Where each bin $i$ represents a score range (e.g., decile).

Standard PSI thresholds:

PSI < 0.10: Stable; no action required
0.10 ≤ PSI < 0.25: Moderate shift; investigate
PSI ≥ 0.25: Significant shift; retrain likely required

PSI detects population drift — the model is being applied to a different population than it was trained on. This does not necessarily mean model performance has degraded, but it increases the probability that it has.

Gini decay is the direct performance measure. It tracks whether the model’s discrimination ability (Gini on new originations) is declining over time. Computing Gini requires waiting for outcomes to emerge — typically 6–12 months after origination, depending on the label definition.

A model with a Gini that has declined from 58% to 44% over 18 months is a model in decay. It is still better than random, but it is ranking borrowers less accurately than before. The question is whether the decay is gradual (acceptable; plan a rebuild) or sudden (investigate; a structural shift may have occurred).

Retrain triggers:

PSI ≥ 0.25 sustained for 2+ months
Gini decay of 10+ percentage points from peak
Vintage performance deviating from model predictions by more than 20% for 2+ cohorts consecutively

Closing the Loop: Score → Policy → Portfolio

This series has covered product economics, borrower behavior, loan lifecycle, portfolio metrics, management strategy, and now risk models. The final piece is connecting them into a cycle.

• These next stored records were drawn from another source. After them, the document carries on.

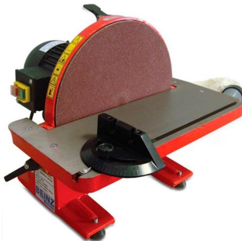
Figura 4: A lixadeira de disco

A lixadeira de disco utiliza um disco abrasivo fixado a um prato giratório, sendo ideal para trabalhos de precisão, rebarbarão de peças metálicas e correção de ângulos. Suas vantagens são a alta precisão e estabilidade, permitindo lixamento em ângulos controlados. Como desvantagem, possui área de trabalho limitada e é indicada apenas para peças pequenas. É bastante empregada em ferramentarias, oficinas mecânicas e laboratórios de prototipagem.
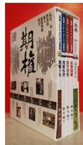
《期權五本套裝》 HK$ 1,000
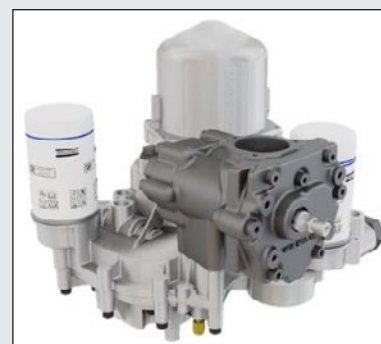
Inovativní šroubový blok C43i přímo spojený s motorem
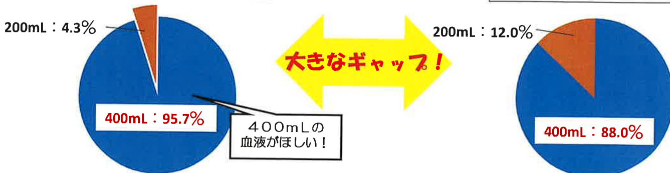
栃木県内の献血者の協力状況
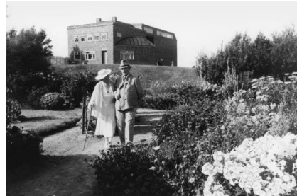
Ada og Emil Nolde i haven i Seebüll, 1941

Beboelses- og atelierhuset Seebüll, som Emil Nolde selv har tegnet, er et af “det modernes” fremragende kunstnerhuse. Med videreudviklingen af Seebüll har der været tale om langt mere end en renovering af et historisk mindesmærke. Stillet over for den kendsgerning, at huset med sine diverse til- og ombygninger fra såvel Noldes levetid som efter hans død i 1956 fortæller sin egen bygningshistorie, var overvejelserne: Hvilken hovedide, hvilket bygningsmæssigt-rumligt og funktionelt koncept, og hvilken historie skulle dette næste lag af huset fortælle og sætte sit præg på. Stiftelsens tilsynsråd inddrog rådgivere fra kulturstyrelsen om bavaringsværdige monumenter, fra Nordfrislands forvaltning, fra byggeministeriet og fra fagområderne arkitektur og bygningsbevaring.
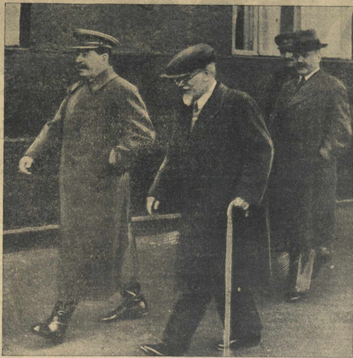
1 Мая 1939 года в Москве на Красной площади состоялся парад частей Рабоче-Крестьянской Красной Армии и Военно-Морского Флота и демонстрация трудящихся столицы. На снимке: товарищи И. В. Сталин, М. И. Калинин, Л. М. Каганович и В. М. Молотов направляются из Кремля на Красную площадь.
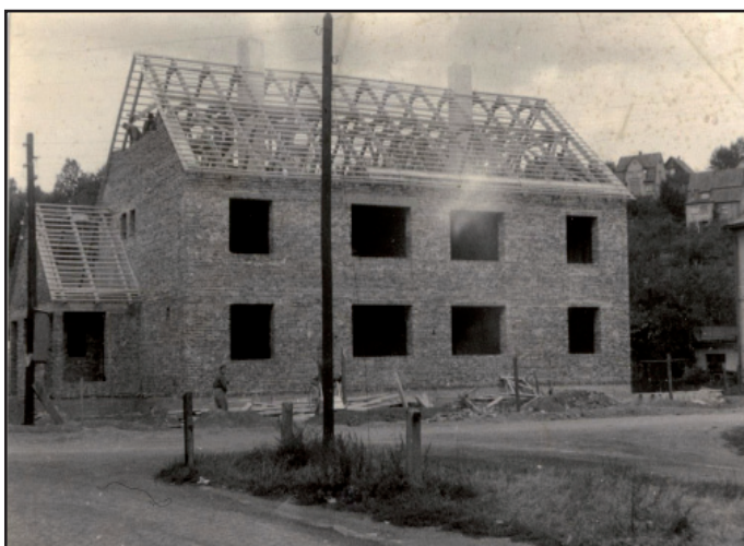
Novostavba v ulici I. Herrmanna
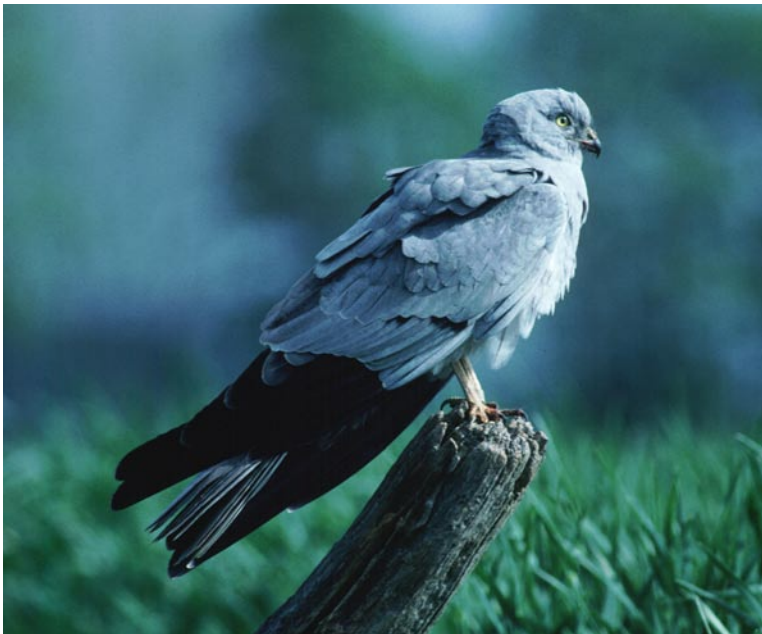
Abb. 10: Wiesenweihe Montagu's Harrier , Männchen aus dem Weihenschutzprogramm auf dem Haarstrang.

5.5. ein ad.s Männchen Rieselfelder Münster MS (lah), dort auch ein ad.s Männchen am 8.6. (krj, frf) und möglicherweise derselbe Vogel am 10.6. (scj) sowie ein weiteres Individuum am 12.7. (lah) <math>\diamond</math> 8.5. ein Männchen über dem De-Wittsee Nettetal VIE (huk), 7. Nachweis für den Kreis Viersen.
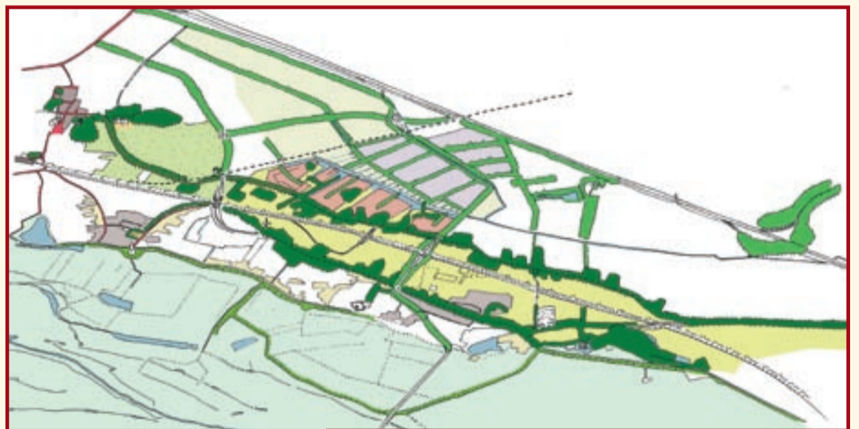
●●●● Zevenaar-Oost ingebed in het landschap van stroomruggen en komgronden
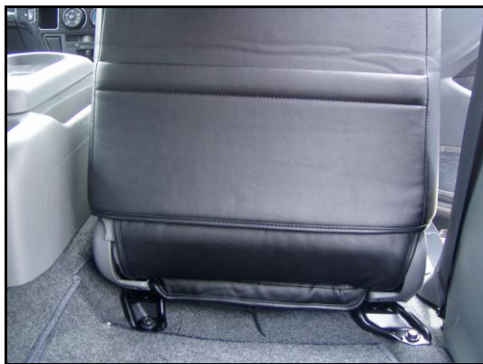
④③で入れ込んだ部分を後ろから引き出し、マジックテープで固定します。
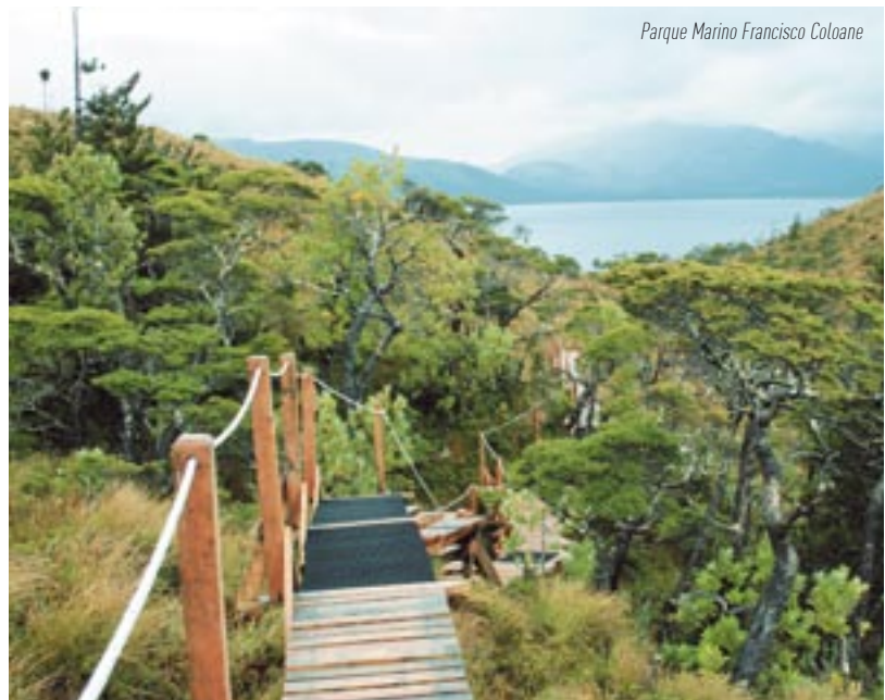
Parque Marino Francisco Coloane

Se permitió así, la integración de espacios terrestres, marítimos e insulares en un área protegida.
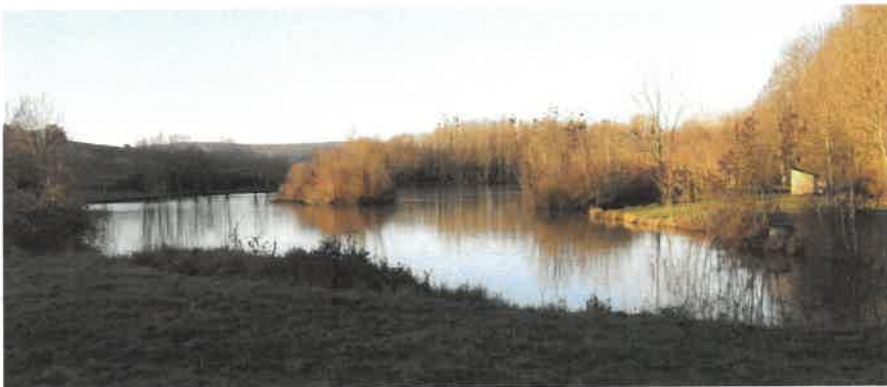
L'étang en 2018
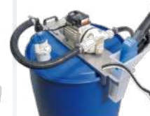
AdBlue Pumpe für 210lt Fässer
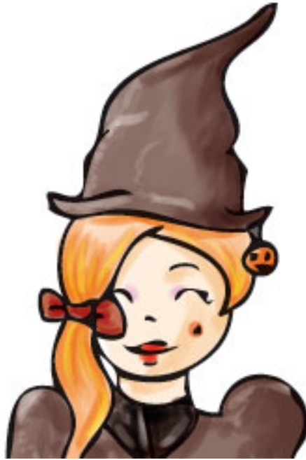
Mjølnerk se déguise en sorcière.
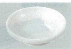
23 S-10-64 いぶし釉小皿 粉引 85φ×25 ¥370

Risk Model → Credit Policy → Origination Mix → Vintage Performance → Portfolio Metrics → Policy Review → Risk Model

Step by step:

Risk model (origination scorecard) assigns a default probability to each applicant.
Credit policy uses the score to determine approval (cutoff), limit, and pricing tier. The policy translates a score into an action.
Origination mix is the result: the distribution of loan sizes, APRs, and risk segments in each vintage.
Vintage performance tracks how each cohort evolves over MOB — FPD, DPD curves, eventual NCO.
Portfolio metrics aggregate vintage performance into current portfolio health: DPD distribution, NCO rate, RAM.
Policy review compares actual vintage performance to model predictions. If recent vintages are outperforming predictions, the model is conservative — consider loosening. If underperforming, the model is optimistic — tighten or retrain.
Model update incorporates new data from recent vintages, recalibrates WoE bins, updates IV rankings, and — if PSI or Gini triggers are hit — retrains the model entirely.

This cycle runs continuously. The vintage curve is its ledger. The origination scorecard is its engine. The portfolio metrics are its dashboard. Policy decisions are its output.

A final note on the MOB framework. Throughout this series, every major concept has been anchored to MOB: FPD as an MOB 1 signal, DPD buckets tracked at each MOB, vintage curves plotted over MOB, behavioral models triggered from MOB 2, PSI computed on recent cohorts by origination MOB. This is not accidental. MOB is the dimension that makes installment lending measurable, comparable across time, and responsive to management intervention.

The closest equivalent in revolving credit is the account age or cycle count — useful, but less precise because the account balance and utilization fluctuate. Installment lending’s fixed amortization schedule gives you something revolving credit never has: a clock that started at the same moment for every loan in a cohort, ticking at the same rate, toward the same terminal event. That is the analytical foundation everything else in this series rests on.